YOUR GOAL: Images are to be left out when the records below are printed word for word.
*****
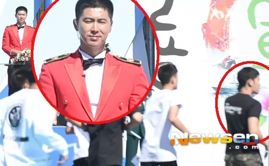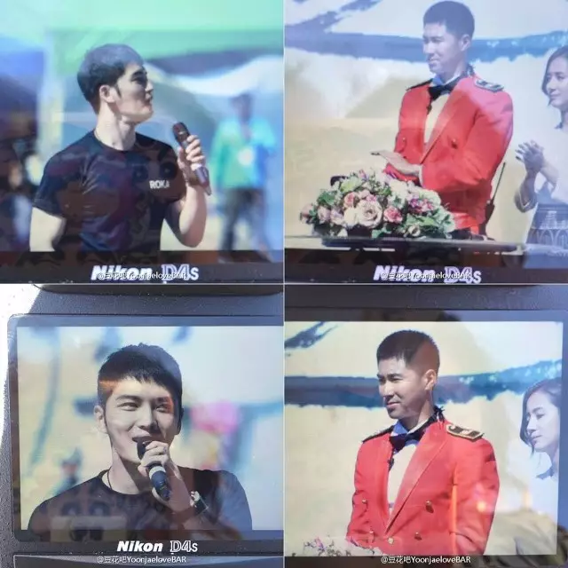 今天在台上擔任慶典MV的允浩身穿一身軍服,目不轉睛地從台上看著昔日隊友在中的演出,更被粉絲目擊一直在為在中的演出鼓掌,而在中則回敬台上的允浩淡淡微笑。
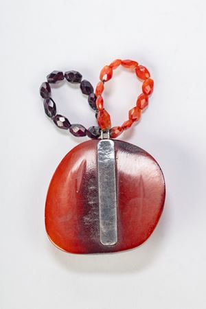 Carved amber pendant with bird on flowering branch, China, early 20th century
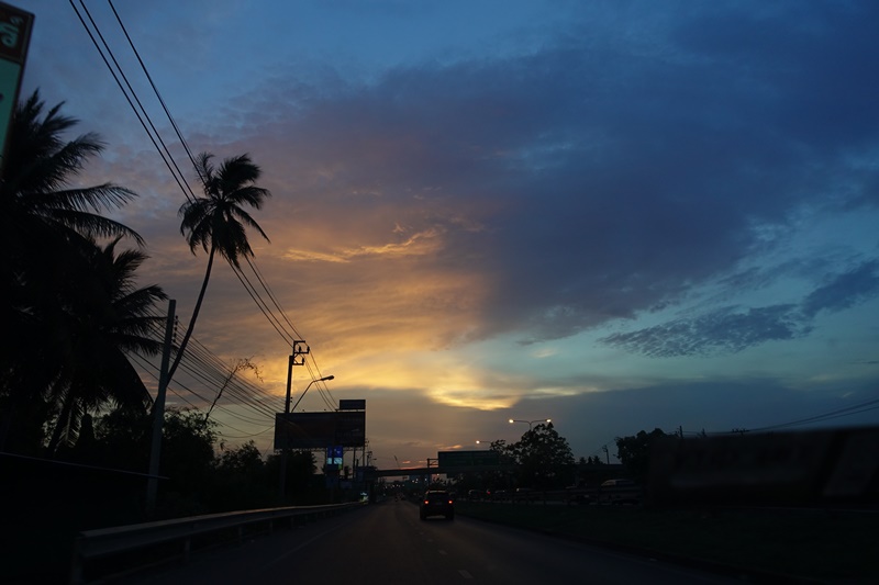 พระอาทิตย์ลับขอบฟ้าตอนเย็นหลังจากวันทำงานเหนื่อย ทำให้อยากจอดรถแล้วลงมาถ่ายรูปจริงๆ
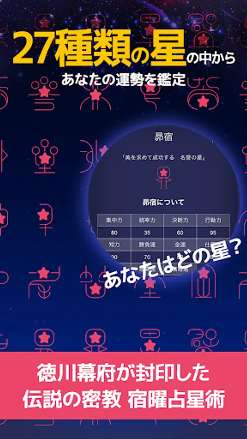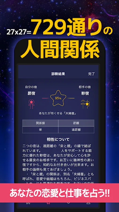生年月日から、27の『宿』と呼ばれる個性を導き出し、自分と相手の『宿』を知ることで、互いの相性や距離、力関係を計ることができます。
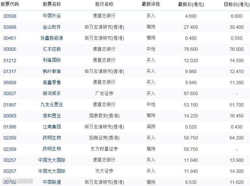 导读:最新港股机构评级
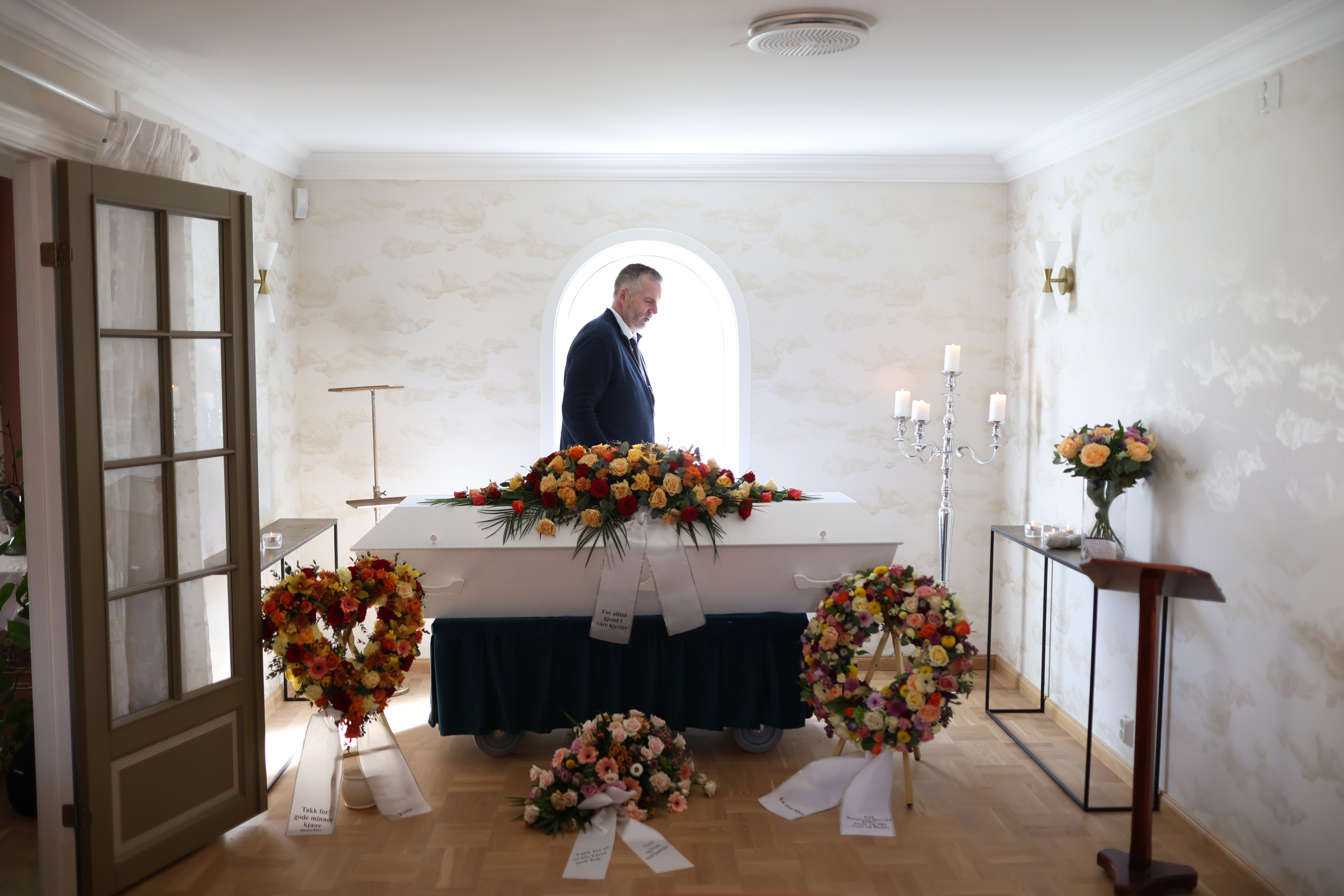 Familier samles også her til syning eller avskjed rundt åpen kiste før selve gravferdsseremonien.
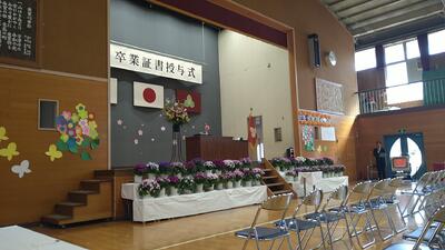 【画像は、須賀川市立柏城小学校の式場の様子です。】
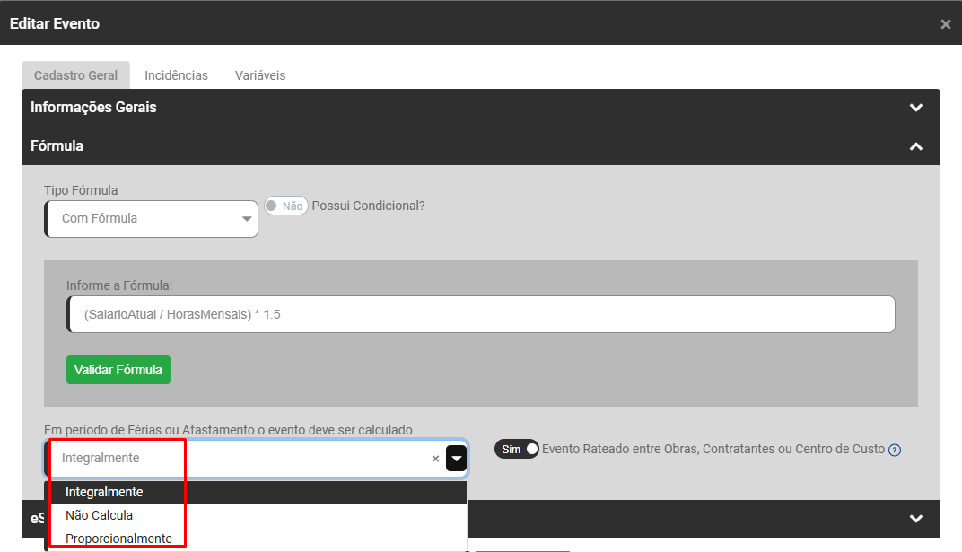 Defina se em período de Férias ou Afastamento o evento deve ser calculado e se o Evento será rateado entre Obras, Contratantes ou Centro de Custo 9Se o tipo de sua empresa for Construção Civil ou Locação de Mão de Obra e você utilizar rateio por tomadores, este item informará ao sistema para ratear o evento por tomadores)
*****
RESPONSE TO THIS EXERCISE:
 今天在台上擔任慶典MV的允浩身穿一身軍服,目不轉睛地從台上看著昔日隊友在中的演出,更被粉絲目擊一直在為在中的演出鼓掌,而在中則回敬台上的允浩淡淡微笑。
 Carved amber pendant with bird on flowering branch, China, early 20th century
 พระอาทิตย์ลับขอบฟ้าตอนเย็นหลังจากวันทำงานเหนื่อย ทำให้อยากจอดรถแล้วลงมาถ่ายรูปจริงๆ
生年月日から、27の『宿』と呼ばれる個性を導き出し、自分と相手の『宿』を知ることで、互いの相性や距離、力関係を計ることができます。
 导读:最新港股机构评级
 Familier samles også her til syning eller avskjed rundt åpen kiste før selve gravferdsseremonien.
 【画像は、須賀川市立柏城小学校の式場の様子です。】
 Defina se em período de Férias ou Afastamento o evento deve ser calculado e se o Evento será rateado entre Obras, Contratantes ou Centro de Custo 9Se o tipo de sua empresa for Construção Civil ou Locação de Mão de Obra e você utilizar rateio por tomadores, este item informará ao sistema para ratear o evento por tomadores)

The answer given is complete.